Beim Hören der Nachrichten beschleicht mich immer wieder ein merkwürdiges Gefühl. Es ist der Eindruck, dass hier etwas verschwiegen wird, nicht zum Ausdruck kommt, ja eigentlich gar nicht als nennenswert empfunden wird. Mir fehlt der Sinn für Ernsthaftigkeit. Denn was als Neuigkeit aus aller Welt geboten wird, ist eine Ansammlung von Frivolitäten. Grauenhaft anzuhören, wie das Morden und Töten im Irak und im Iran zum frivolen Spiel um Macht verkommt. Grauenhaft zu erleben, wie die frivolen Machtspiele europäischer Innenpolitik das Leiden und die Not ungezählter Flüchtlinge gar nicht in das Blickfeld kommen lassen.
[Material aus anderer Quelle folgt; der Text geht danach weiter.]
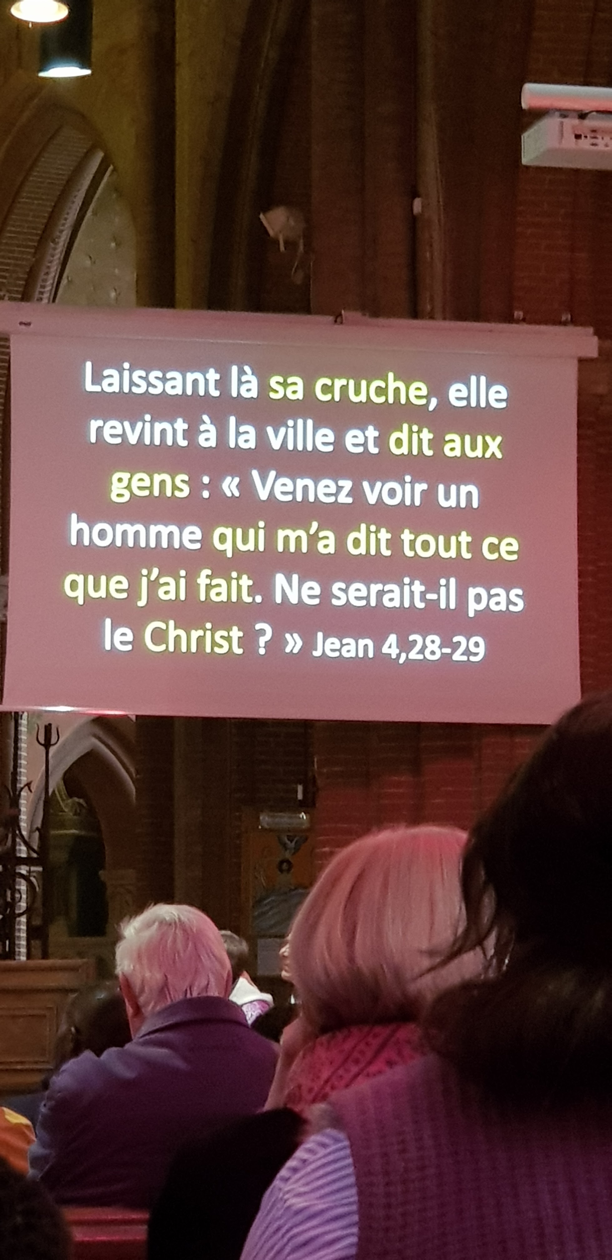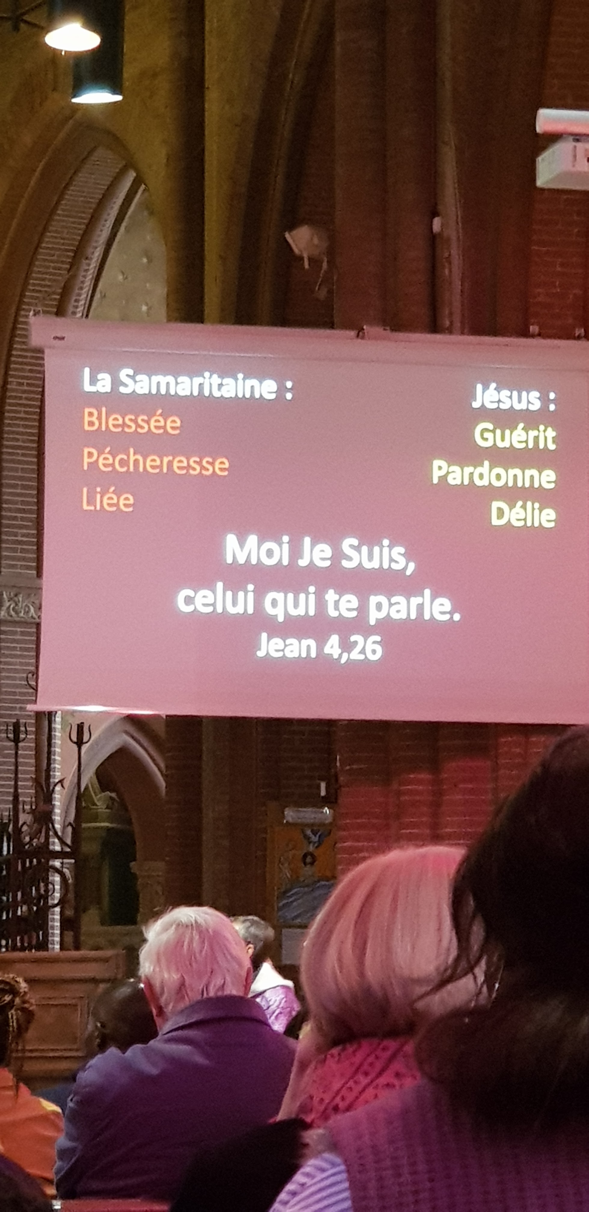 Belle paroisse, les gens que l'on rencontre sont très gentils et accueillants, j'adore le mien le dimanche à 10h30 car ils projettent les chants, les psaumes sur des écrans et le curé les utilise aussi lorsqu'il donne le sermon. Je parle peu français et pour moi c'est très pédagogique, car quand je le lis je comprends mieux Le Message. Hier était un jour spécial car j'ai eu une très belle cérémonie, où ils ont donné une bénédiction spéciale au couple qui a terminé sa préparation au mariage, cela m'a rempli de joie.
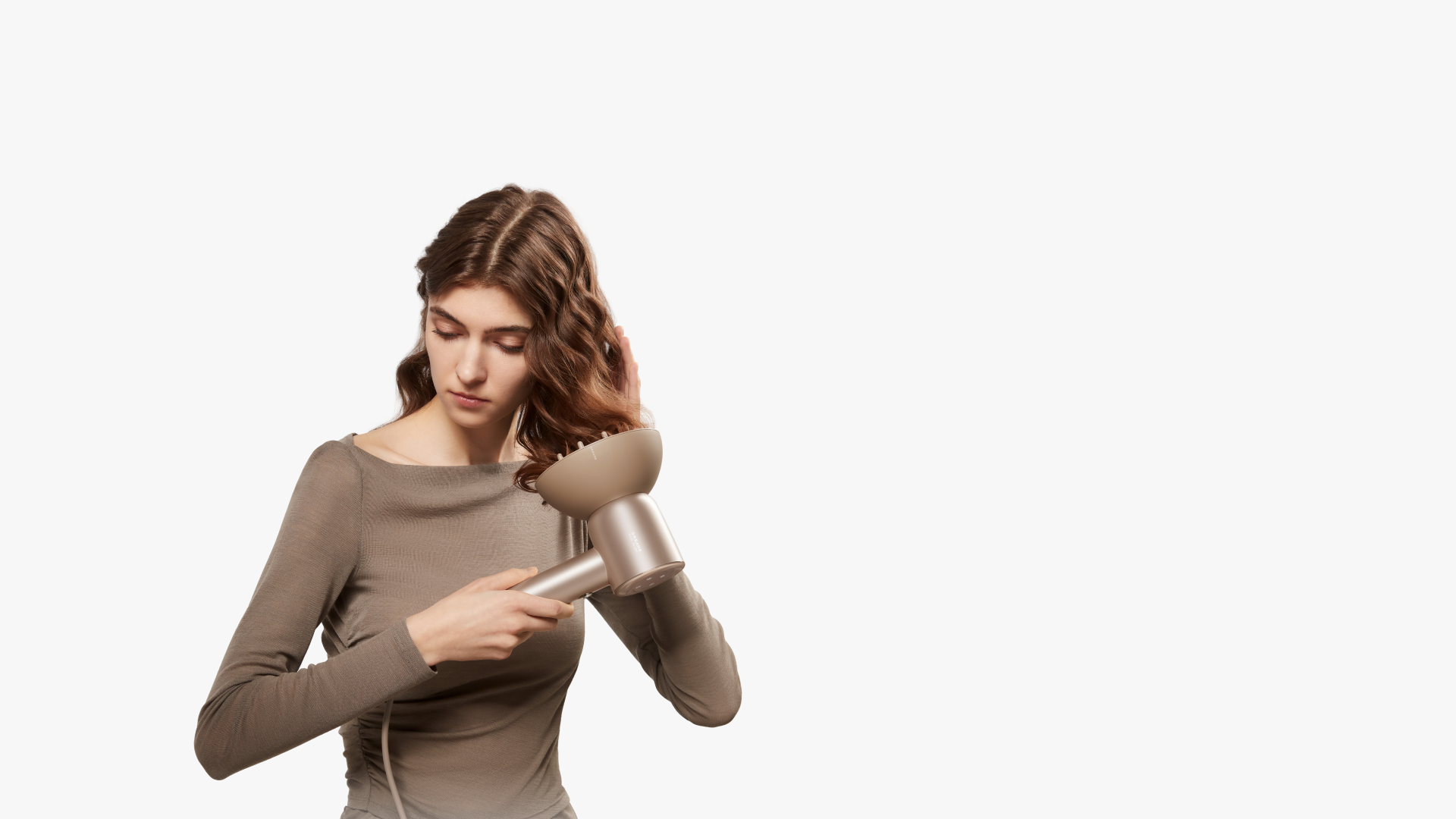 Nasaďte difuzér a umiestnite vlasy na jeho povrch, aby ste zachovali prirodzený tvar kučier.

Grauenhaft ist auch der frivole Ästhetizismus einer europäischen Kultur, die sich in Selbstbespiegelung erschöpft.


Ernsthaftigkeit bedeutet keineswegs Mangel an Humor oder eine fehlende Fähigkeit zu lachen. Karl Valentin ist ernsthaft. Doch sein Ernst ist derart radikal, dass das Lachen unerlässlich ist. Er wäre sonst nicht zu ertragen, würde einen erdrücken. Das Lachen hebt den Ernst nicht auf. Es schenkt aber die zum Handeln nötige Freiheit.
Wenn ich etwas ernsthaft betreibe, muss ich mir über die Gründe meines Tuns im Klaren sein. Diese Gründe müssen außerhalb meiner eigenen Interessen liegen. Mein Tun muss von dem klaren Willen geleitet sein, dem Leben der Anderen zur Entfaltung zu verhelfen. Ernsthaftigkeit bedeutet, mich selbst und mein Gegenüber wahrzunehmen und anzuerkennen. Ernsthaftigkeit bedeutet, um das Wohl des Anderen bemüht zu sein und ist das Gegenteil jenes frivolen Spiels, in dem jeder vor allem anderen seinen eigenen Vorteil sucht. Ernsthaftigkeit ist daher für das Gelingen des Zusammenlebens der Menschen untereinander und für das Gelingen ihres Zusammenlebens mit den Lebewesen und allem Unbelebten dieser Welt unerlässlich.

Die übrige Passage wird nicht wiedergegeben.